Beilin a choisi délibérément de ne pas parler avec les représentants du Hamas. Il a laissé cela au président de l’Autorité palestinienne, et ce n’est pas un hasard si ce dernier a choisi cette semaine pour prononcer un discours d’apaisement et une invitation à la négociation (« Ne ratez pas la paix »). Le document prévoit de sauter la première phase de la Feuille de route, dans le coma depuis plusieurs années, et de commencer à évoquer des retraits israéliens à grande échelle des territoires occupés. La décision quant à la création d’un Etat dans des frontières provisoires appartiendra à l’Autorité palestinienne. Au cours des pourparlers prévus, la première décision concernera évidemment l’institution d’un cessez-le-feu. L’Autorité palestinienne libérera Gilad Shalit, en même temps que la libération d’un nombre important de prisonniers palestiniens par Israël (après tout, Ehoud Olmert l’a promis), et qu’un allègement des conditions de vie honteuses imposées à la bande de Gaza.

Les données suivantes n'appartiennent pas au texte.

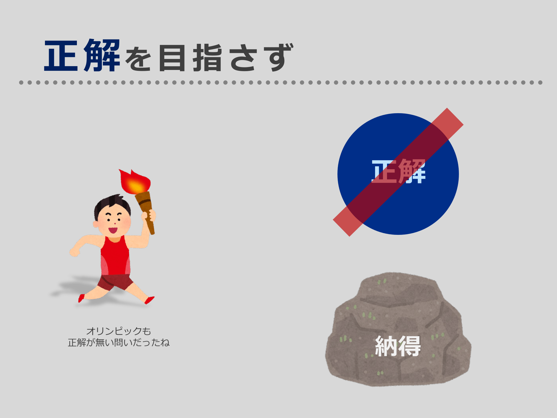 #7. 正解を目指さず納得を目指す 正解 オリンピックも 正解が無い問いだったね 納得
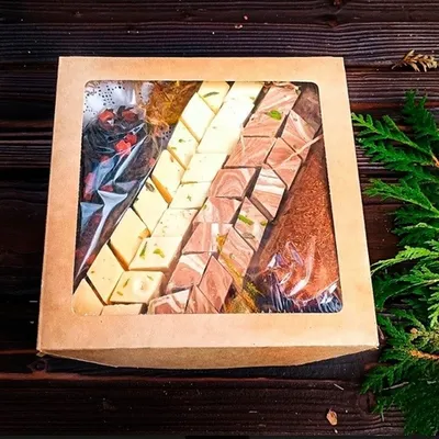 Вся продукция плотно закрыта, что позволяет сохранить вкусовые качества. Стильная крафтовая коробка с "окном" в качестве упаковке делает этот набор универсальным подарком для любого: для мужчины и женщины, другу, члену семьи или коллеги.
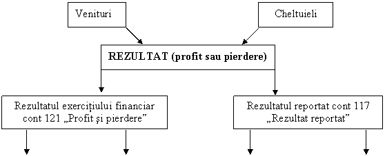 121 "Profit sau pierdere" A/P (-)C 1171 "Rezultatul reportat" A/P (-)D 1061 "Rezerve legale" P (-)D |
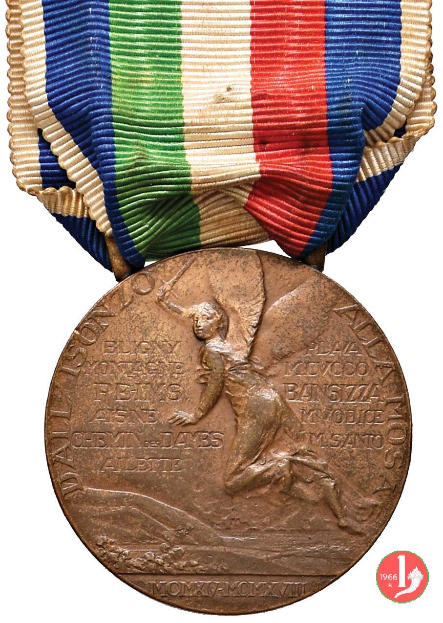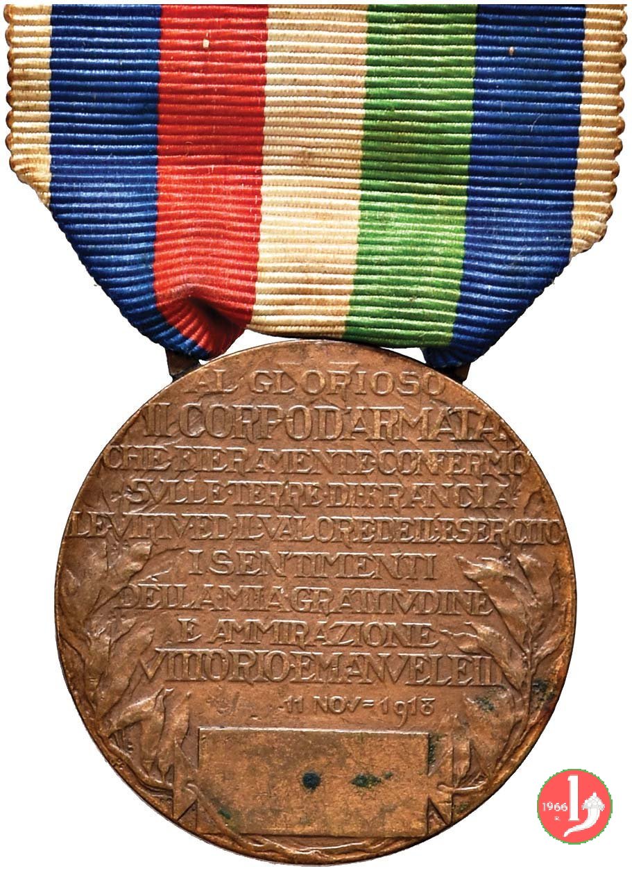 Al II Corpo d'Armata in Francia 1918 Dritto: DALL' ISONZO _ ALLA MOSA la figura allegorica della Vittoria alata volta a sx, regge spada su paesaggio nel campo: BLIGNY _ PLAYA = MONTAGNE _ M.CVCCO = REIMS _ BANGIZZA = AISNE _ MIVOBICE = CHEMIN DES DAMES _ M. SANTO = AILETTE in esergo: MCMXV-MCMXVII in basso: targa | |
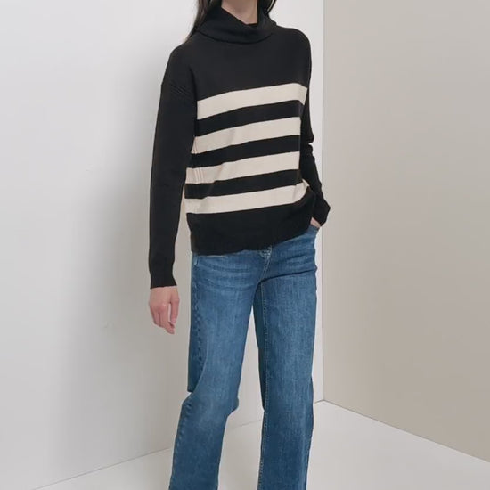 Denna mjuka polotröja från CECIL kombinerar ett tidlöst randigt mönster med en mysig känsla. Den höga kragen och det mjuka stickade tyget ger värme och komfort, medan ribbade muddar fulländar looken. Perfekt för svala dagar med stil.
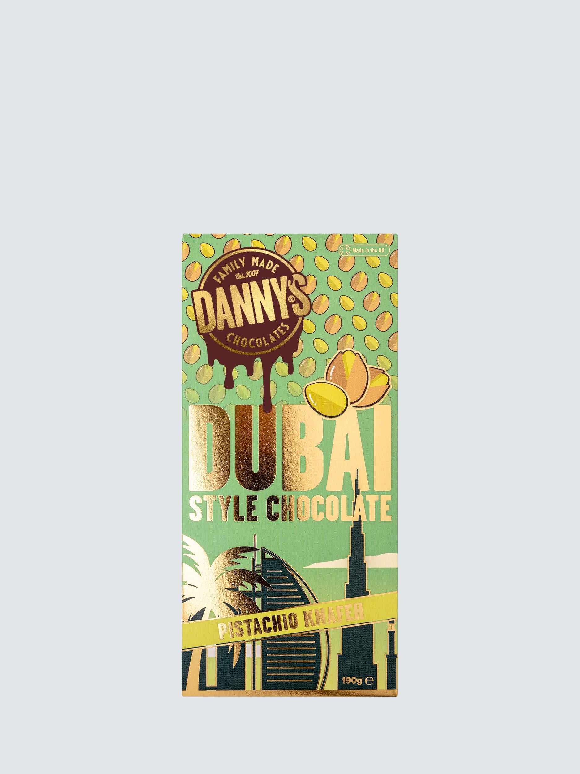 Danny's Chocolates offers the Dubai Style Chocolate Pistachio Knafeh, 190G. This gourmet bar features inspired layers of crispy knafeh pastry mixed with crunchy pistachios. This exquisite filling rests inside signature, rich Colombian chocolate, providing depth and texture. Find this exceptional family-crafted treat perfect for sharing or personal indulgence now.
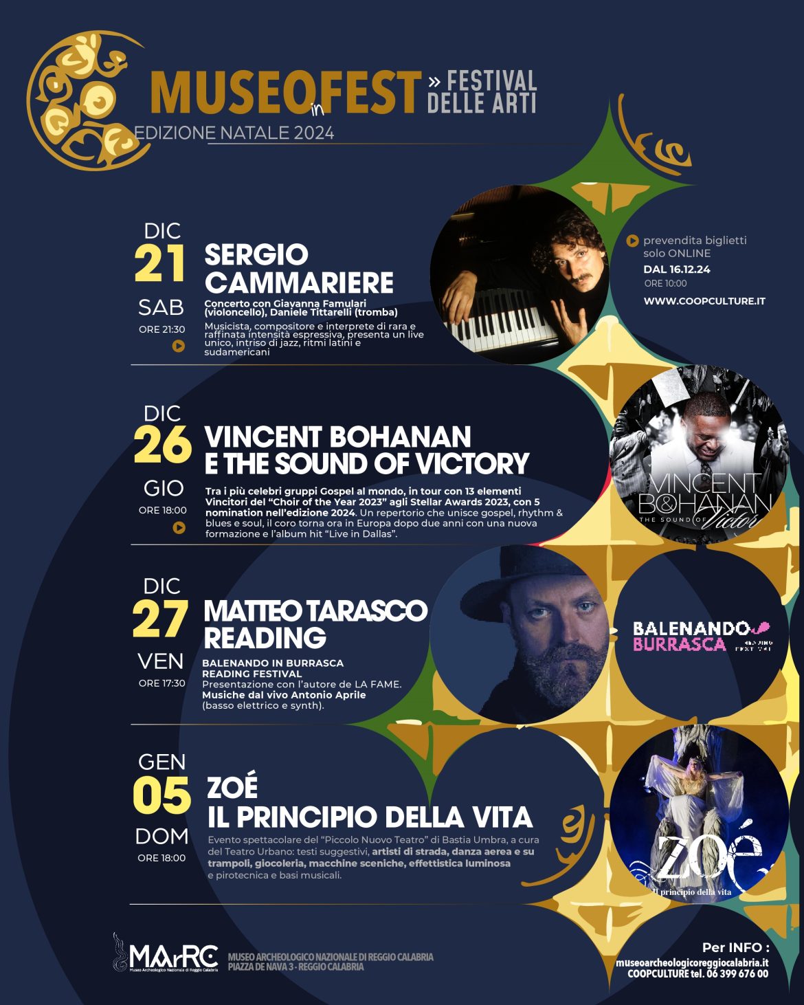 Con la direzione artistica di Ruggero Pegna, in Piazza Orsi, la sala interna al Museo capace di ospitare fino a 150 fortunati spettatori, il 21 dicembre alle ore 21:00, davanti ai Bronzi terrà uno speciale concerto Sergio Cammariere. Il grande cantautore e pianista sarà accompagnato da Giovanna Famulari al violoncello e Daniele Tittarelli al sassofono.
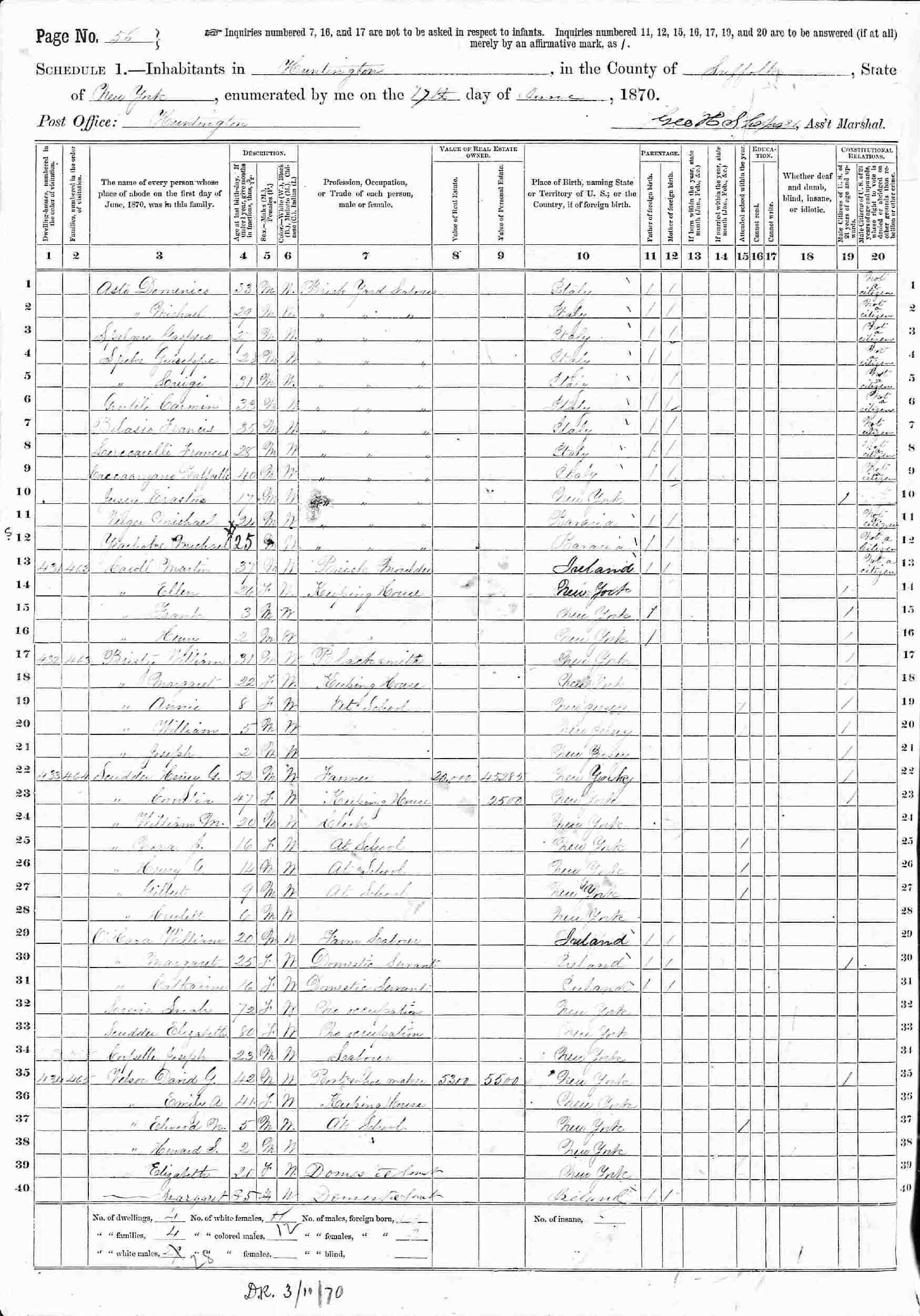 June 1, 1880 - Supervisor's District 2, Enumeration District 319, Huntington, Suffolk County, New York.
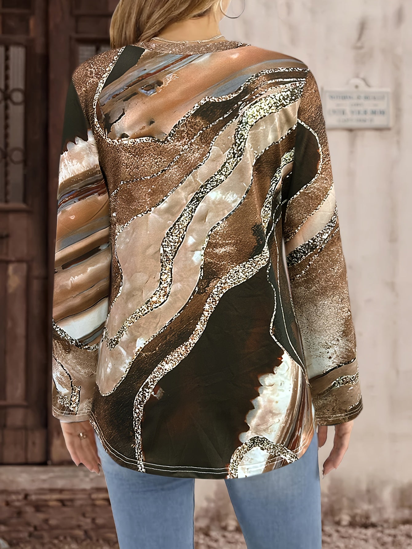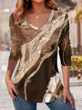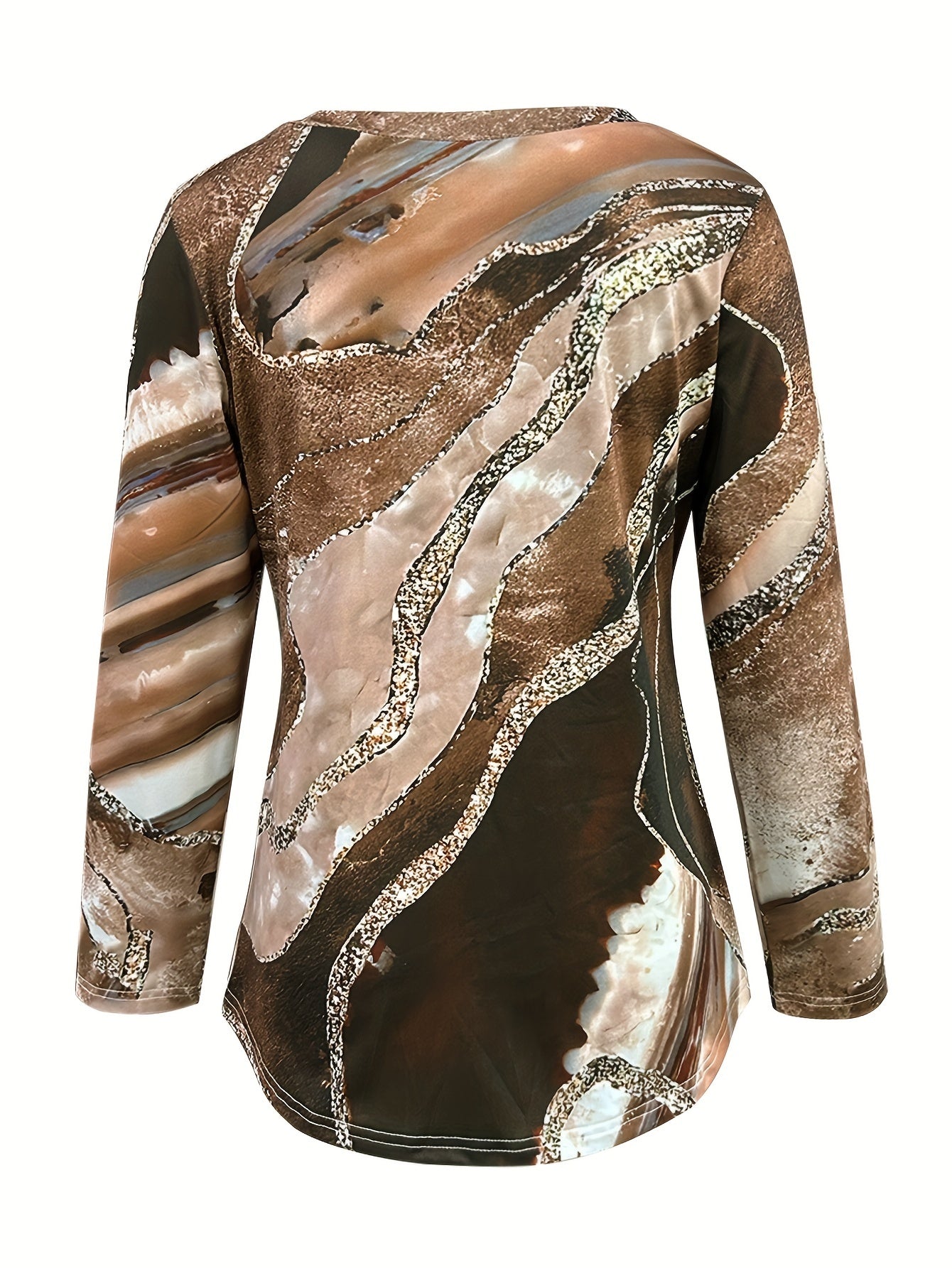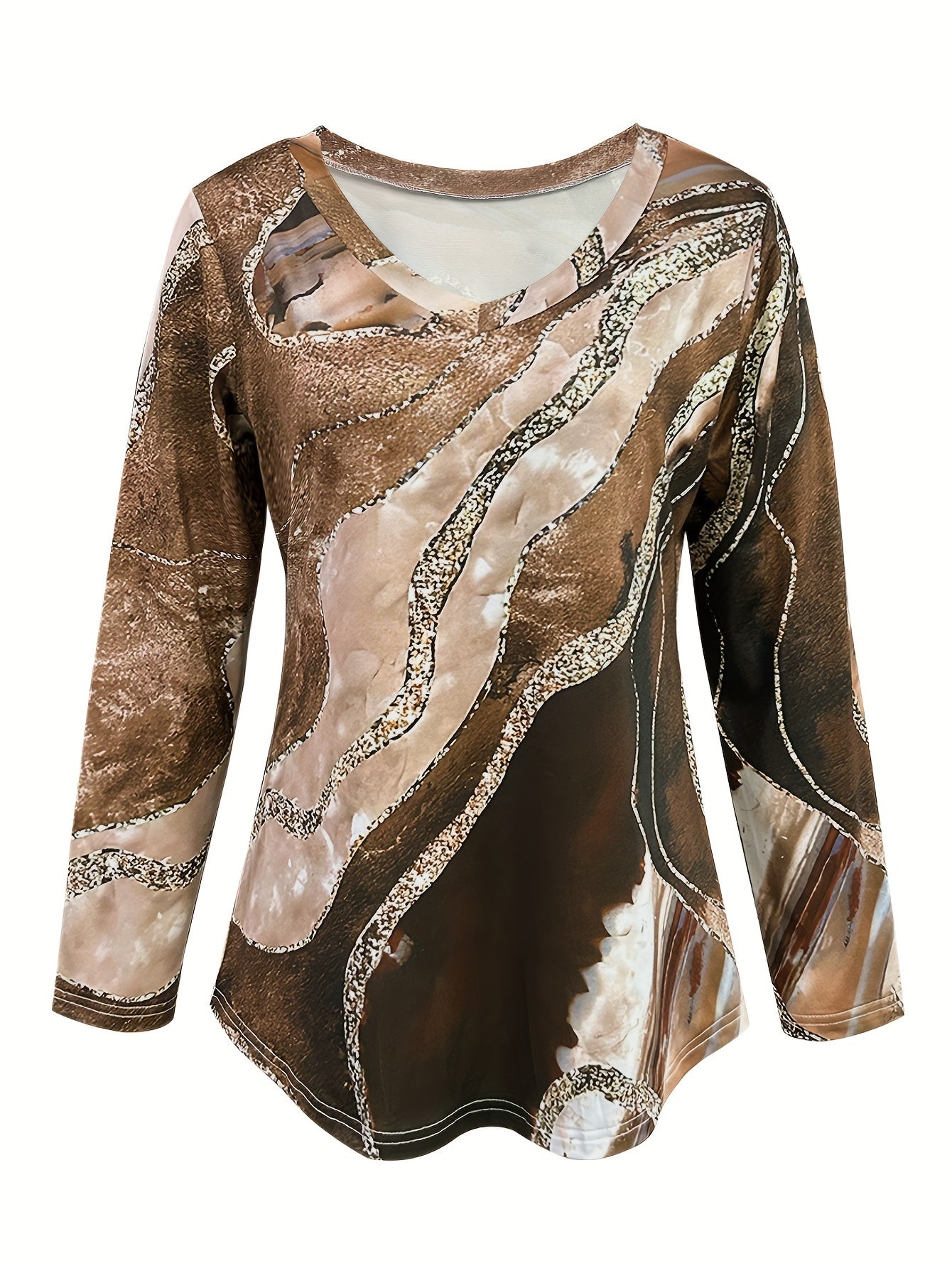 Abstract Print V Neck T-shirt, Long Sleeve T-shirt
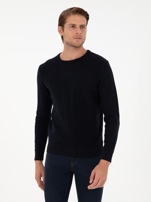 Lacivert Slim Fit Bisiklet Yaka Yün Karışımlı Triko Kazak
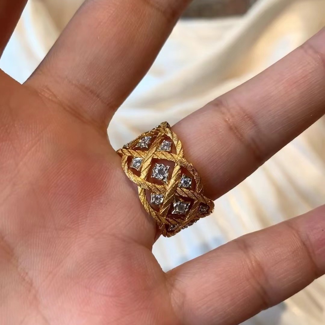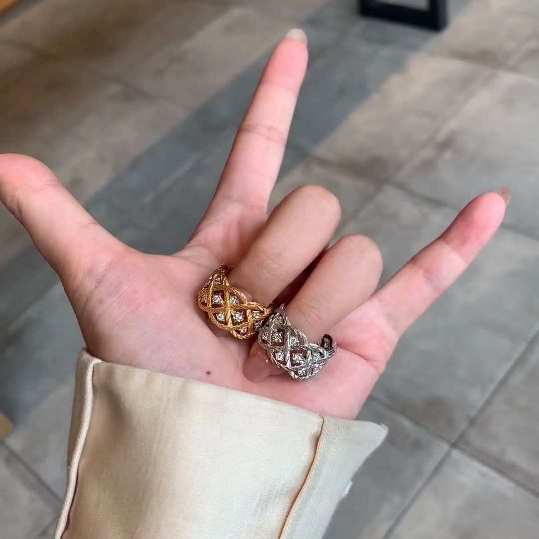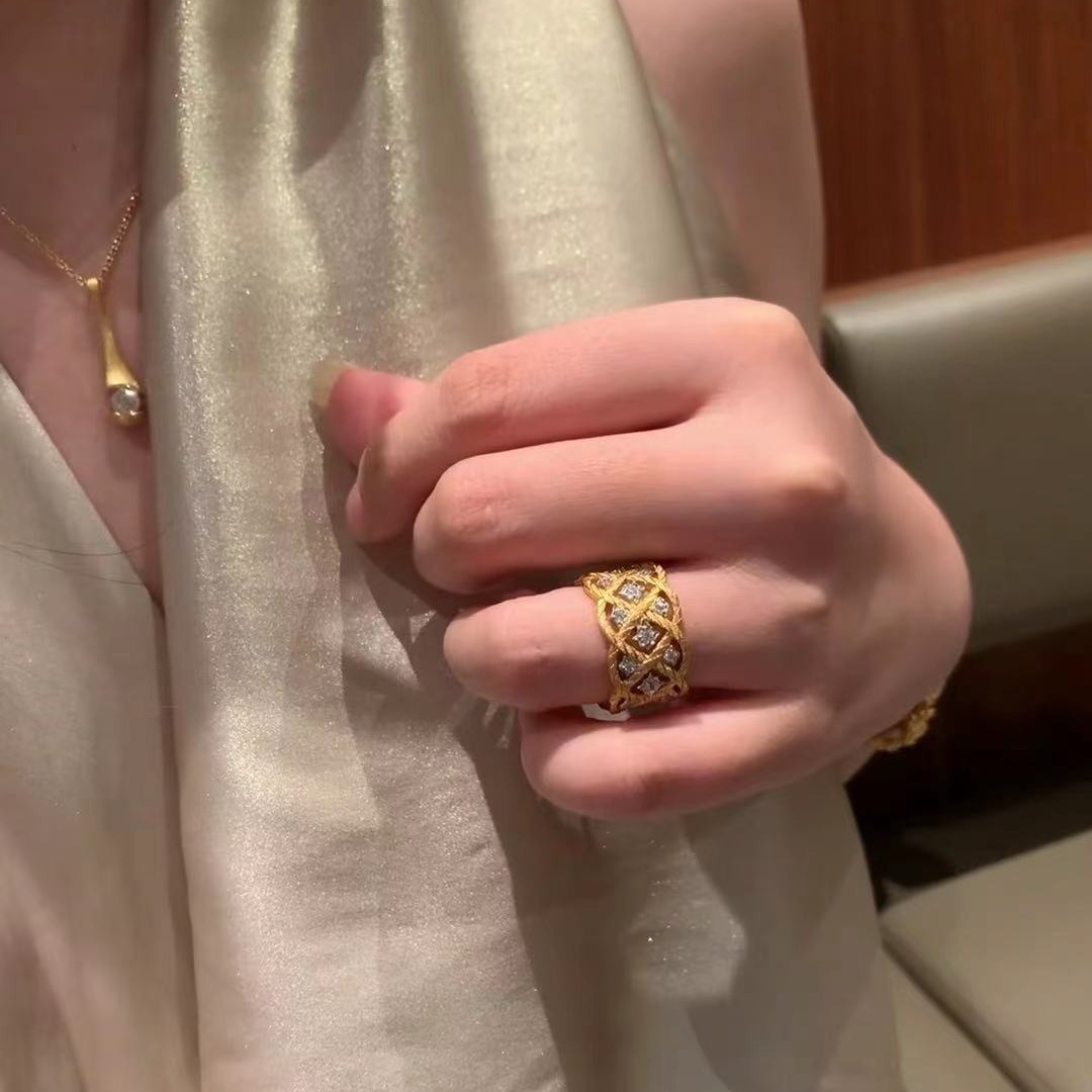 意大利工艺中古风轻奢高级珠宝感高碳钻拉丝工艺菱格戒指
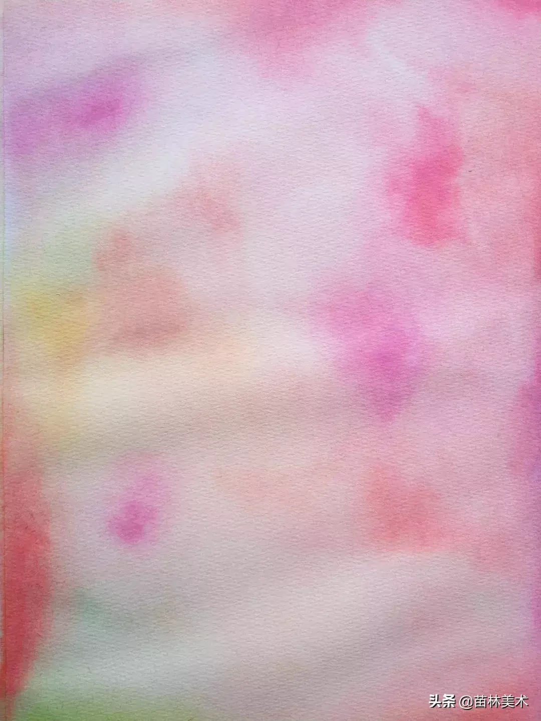 第一,在水彩纸上用水彩画出背景,注意颜色渐变(可以不同色系,本教程以暖色系为主)

Les questions de Jérusalem et des réfugiés seront discutées lors de l’étape suivante des négociations, sur un accord de règlement définitif, avec l’aide des Etats-Unis, de l’Union européenne et du « quartet arabe » (Egypte, Jordanie, Arabie saoudite et Emirats). L’accord aura pour base les lignes de 1967 et la proposition saoudienne, adoptée par deux fois depuis quatre ans par des sommets des Etats arabes, avec des « modifications qui reflèteront la réalité sécuritaire et démographique, agréées par les deux parties. »

Que ceux qui, à droite, détestent Beilin disent ce qu’ils veulent. Le nouveau plan Beilin, rendu public pour la première fois ici, propose ce qu’Olmert, avec ses artifices, avait le devoir de proposer il y a longtemps. Ce plan, dont les détails dépassent le cadre de cet article, n’est pas assuré de réussir. Mais il prouve une fois encore que le calme et la tranquillité ne seront notre lot que quand il sera mis fin à la politique irresponsable du premier ministre : un homme qui parle bien, mais dont les échecs sont dangereux.